Dean Buffalini (born February 23, 1964), known professionally as Dusty Drake, is an American country music artist. Drake played various venues in his native Pennsylvania for several years before moving to Nashville, Tennessee, co-writing a 1996 single for Joe Diffie. By 2003, Drake was signed to Warner Bros. Records as a recording artist. That year, he released three singles from his self-titled debut album, including "One Last Time", his first Top 40 entry on the Hot Country Songs chart. Drake released a fourth single for the label before exiting in 2004.

In 2007, he signed to the independent Big Machine Records label, charting with the single "Say Yes", co-written by Brett James, Don Schlitz and Josh Turner. An album for Big Machine was originally slated to be released in 2007 but was never issued, and after showing the same level of commitment his former label showed, Drake exited the label's roster in 2008. Overall, Drake has charted six times on the Billboard country charts. Two of his singles have reached Top 40: "One Last Time" (inspired by the September 11 attacks) at No. 26, and "Say Yes" at No. 36.

==Biography==
Dean Buffalini was born in Monaca, Pennsylvania, United States, on February 23, 1964 as the middle child of seven children. He gained an early interest in music from his father and grandfather, both of whom enjoyed listening to country and bluegrass music.

While in high school, he sang lead and played drums in local bands.
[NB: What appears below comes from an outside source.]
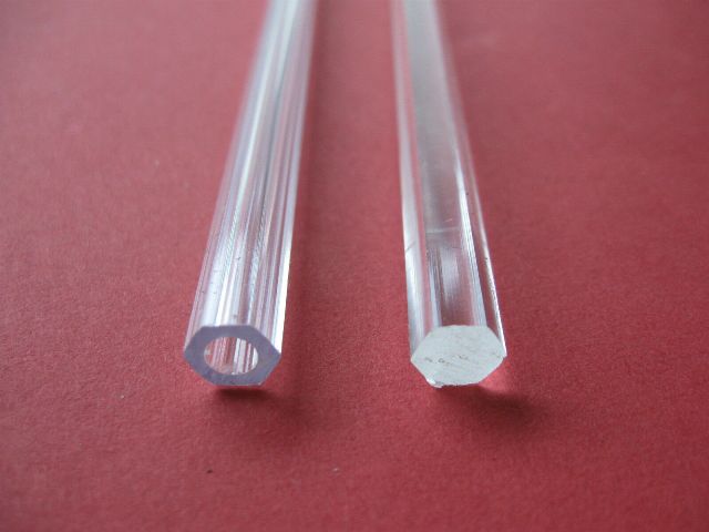 Для изготовления «ангельских глазок» можно использовать прозрачные пластиковые стержни. Они используются для жалюзи, чтобы открывать и закрывать их поворотами влево и вправо (поворотные стержни для горизонтальных жалюзи). Такие стержни бывают разные, из разных материалов. В этой статье будет описываться процесс изготовления “ангельских глазок” из не полого пластикового стержня шестигранной формы, диаметром 8 мм. Можно поискать такой стержень в интернет-магазинах, в том числе в международных (англ. название blind rod), либо придумать, что можно приспособить подобное в качестве материала для колец “ангельских глазок”. Стержень около 1 метра длиной и из него можно сделать 2–3 кольца, в зависимости от их размера.

After graduating high school, Buffalini studied to be an air traffic controller. He held that position for four years at a regional airport. At the same time, he pursued his career in country music, eventually fronting a band called Silverado in addition to performing solo. Signed as an opening act for Garth Brooks at a venue in Salem, Ohio, Buffalini was mistakenly identified as "Dusty" by a concert promoter, and as a result, he began to use Dusty as his stage name.

==Musical career==
He moved to Nashville, Tennessee in 1993 in search of a record deal. Shortly afterward, he changed his stage name to Dusty Drake, because he was told by a manager that "there were Deans coming out the wazoo" (such as Billy Dean, Dean Miller, Stacy Dean Campbell, and Dean Dillon). Drake then found work as a demo singer and songwriter. His first cut as a songwriter was "C-O-U-N-T-R-Y", a single for Joe Diffie in 1996 from the album Life's So Funny. Other artists who recorded Drake's songs included Janie Fricke, Ricochet (the single "Can't Stop Thinkin' About That"), The Oak Ridge Boys and Mark Chesnutt.
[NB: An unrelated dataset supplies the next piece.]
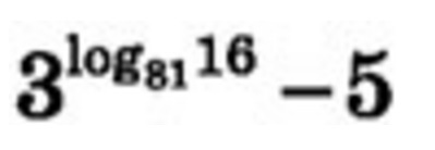 3^(log81 (16))-5=3^(1/4*log3 (16))-5=3^(log3 (16^(1/4)))-5=3^(log3 (2))-5=2-5=-3

In 2002, Drake was signed to Warner Bros. Records as a recording artist. His first single, "And Then", peaked at No. 57 on the Billboard country music charts. Following this song was "One Last Time". Inspired by the crash of United Airlines Flight 93, the song became his first Top 40 country hit, peaking at 26. Both songs were included on his debut album (also titled Dusty Drake), which was released in mid-2003.

After the release of his album, Drake went on to become an opening act for Kenny Chesney and Brooks & Dunn, as well as performing on the Grand Ole Opry. His album's third single, "Smaller Pieces", reached a peak of 50. By 2004, a fourth single entitled "I Am the Working Man" was released, which went on to peak at 43. This song was not included on an album, and Drake was dropped from Warner Bros.' roster after its release.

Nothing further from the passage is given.